The scale of this year’s banking crisis may not be comparable to the 2008 near-annihilation of the global financial system, but it has the same deep-seated psychological roots, which are notoriously hard to uproot.

When bank investors and clients see their peers wiped out in a bank run as happened in 2008 at Bear Stearns and this year at Silicon Valley Bank, they justifiably fear for the safety of their own money.

Such fears feed on themselves. In this atmosphere, as soon as an institution such as First Republic Bank starts popping up in the top 10 lists of daily stock-market losers, its fate is effectively sealed.

Investors and depositors alike yanked their money out of First Republic, as the bank disclosed days before it was seized by regulators and sold to JPMorgan Chase on Apr 30.

Similar to what happened in 2008, the only way to stop this psychological contagion spreading would be a show of overwhelming force from regulators.

Back then, the US Treasury pumped billions of dollars into ailing Wall Street banks.

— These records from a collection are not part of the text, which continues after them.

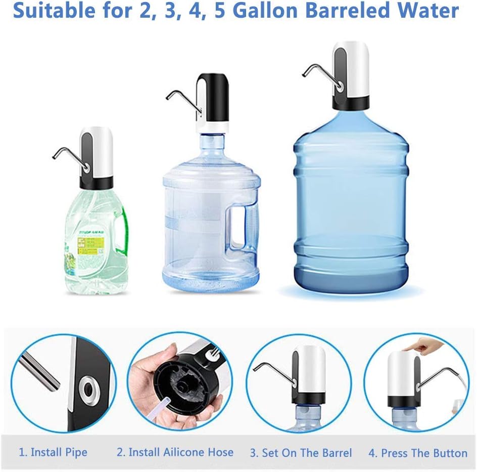 مضخة توزيع المياه الكهربائية المحمولة - مضخة مريحة قابلة لإعادة الشحن عبر منفذ USB لتوزيع المياه من الزجاجات الكبيرة بلمسة واحدة.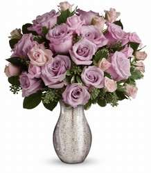 A sparkling mercury glass vase lends a feeling of vintage romance to one dozen delicate lavender roses. It's a bouquet as timeless as your love - and one she'll always remember! Approx. 12 1/2 W x 16 H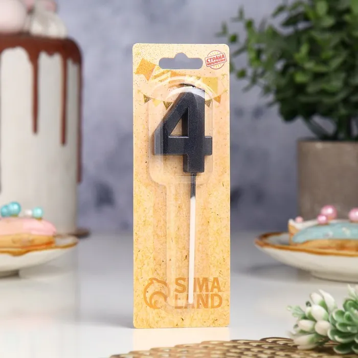 Свеча в торт на шпажке «Цифра 4», черная, 5 см — Характеристики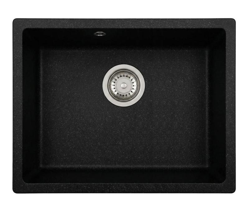 Graniteland Solo Fregadero de granito negro piedra azul belga 42x34 cm con tapón de acero inoxidable 1208970606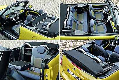 גג הבד של המיני מאפשר קיפול בתוך 15 שניות, גם בזמן נסיעה איטית - עד 30 קמ"ש. בנוסף, ניתן לפתוח אותו באופן חלקי, כמעין גג שמש, במהירות של עד 120 קמ"ש. כדי להגן על הנוסעים, מאחורי צמד המושבים האחוריים ישנה קשת התהפכות, שיוצאת אוטומטית אם חיישני הרכב מזהים סכנת התהפכות.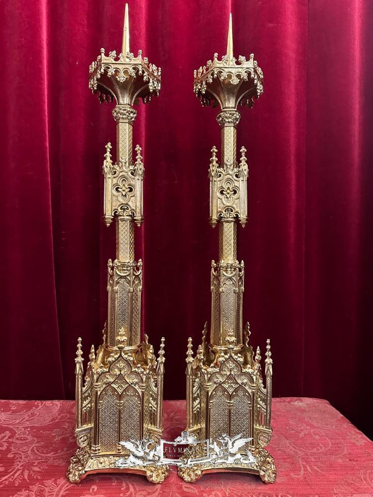 Candle Holders Measures Without Pin style Gothic - Style en Bronze / Polished and Varnished, France 19 th century ( Anno 1885 )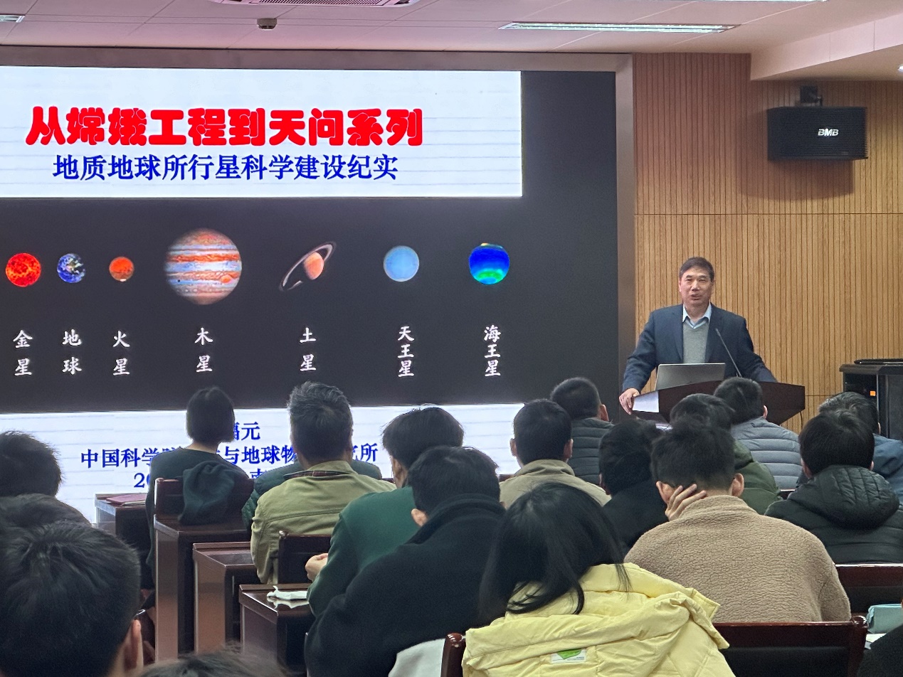 2024年3月15日,中国科学院地质与地球物理研究所研究员吴福元院士在学院做“从嫦娥工程到天问系列”的学术报告。永利304官网唯一党委书记董婷代表地科院向吴院士的到来表示诚挚的欢迎,并主持了报告会。报告会现场师生济济一堂,气氛热烈。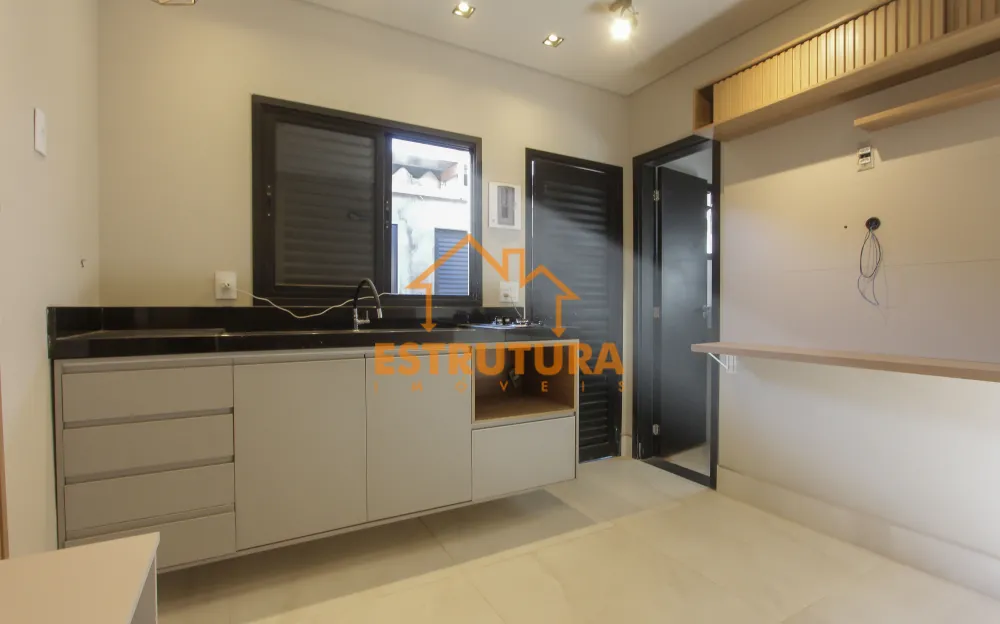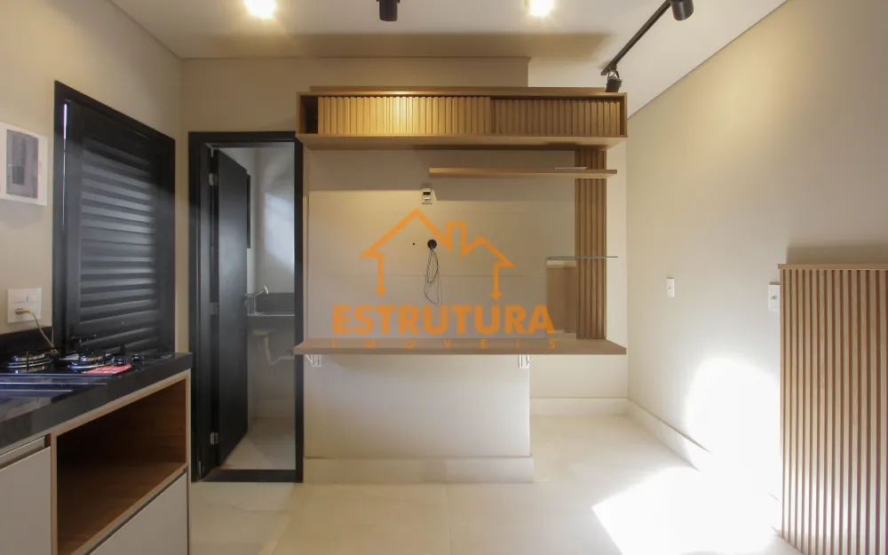 A kitnet possui fino acabamento com spot de led, cozinha e quarto integrados, cozinha com gabinete grande e fogão de 2 bocas elétrico e quarto com painel de TV e já com entrada para colocação de ar condicionado, wc social com box e chuveiro.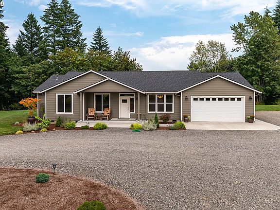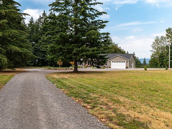 Stunning view as soon as you walk in the door! Kitchen opens to Great Room w/Wood stove. Lots of windows to enjoy that Mt.Hood View. Bamboo Engineered Hardwoods, Formal Dining, Master w/soaking tub and walk in closet. Laundry room and 1/2 bath when you enter from the garage. 40 x 60 Shop fully insulated with RV Hookups, plumbed for dry-air system, LED Lighting, 200 amp separate panel . OC School District. Timber value unknown but definitely has value! There's also a pond on the lower half

This time around, the Federal Deposit Insurance Corporation would have to expand its backstops to all depositors to make everyone feel safe.

But Republican legislators are in no mood to use the financial resources of the US for what they dub “bailouts”. Such actions are the quintessence of the profligacy that the Freedom Caucus and other right-wing legislators accuse the Biden administration of promulgating.

“We are not going to see any calm unless we get clear action from lawmakers and regulators that deposits are fully saved,” said Moya. “Given the political environment, and given that we are dealing with debt ceiling drama, it’s hard to imagine that happening any time soon.”

Among the dominoes that preceded First Republic were Silicon Valley Bank, Signature Bank and Credit Suisse Group. All shared certain characteristics, catering to extremely wealthy – and, it turned out, extremely fickle – clients and carrying Treasury bonds on their balance sheets.

The only domino that didn’t tumble was Deutsche Bank, which was more diversified in its business lines and its balance sheet.

“We just have too many regional banks that put too much of their money in long-dated Treasurys and they are probably going to have to take some massive losses,” said Moya.

As in 2008, there’s a high risk that the banking crisis will feed back into the economy. Regional banks are not systemically important, as Credit Suisse and Lehman Brothers were, as individuals.

As a whole, these banks are the very essence of the modern financial system, however. The banking system was built around lenders steeped in the social and economic dynamics of their town or state.

Wealthy Americans and big business can go to national banks and expect the same service as from a local institution. Middle-class Americans with more complicated credit histories and small and medium-sized businesses depend on smaller banks and personal relationships with loan officers.

As is true of the retail industry, the financial industry is unimaginable without the small and medium homegrown boutiques that fill in the gaps within the nationwide chains.

The only consolation for the bulls is that the banking crisis is still relatively small scale. By some measures, the banks that were brought to the verge of failure in the 2008 financial crisis were holding trillions of dollars in assets.

Citigroup, which was to all intents and purposes a zombie by the time regulators swooped in to take it over, was about five times as large as Silicon Valley Bank when it foundered.

Lorenzo Di Mattia, manager of hedge fund Sibilla Global Fund, said the slow-burning nature of the regional banking crisis will extend to its economic impact.

“It all takes time. There will be a hard landing but not necessarily this year,” he said.

This year’s banking crisis is not as widespread or dramatic as the 2008 version. It could take just as long to eradicate, and leave damage to savers’ psychology that is just as lasting.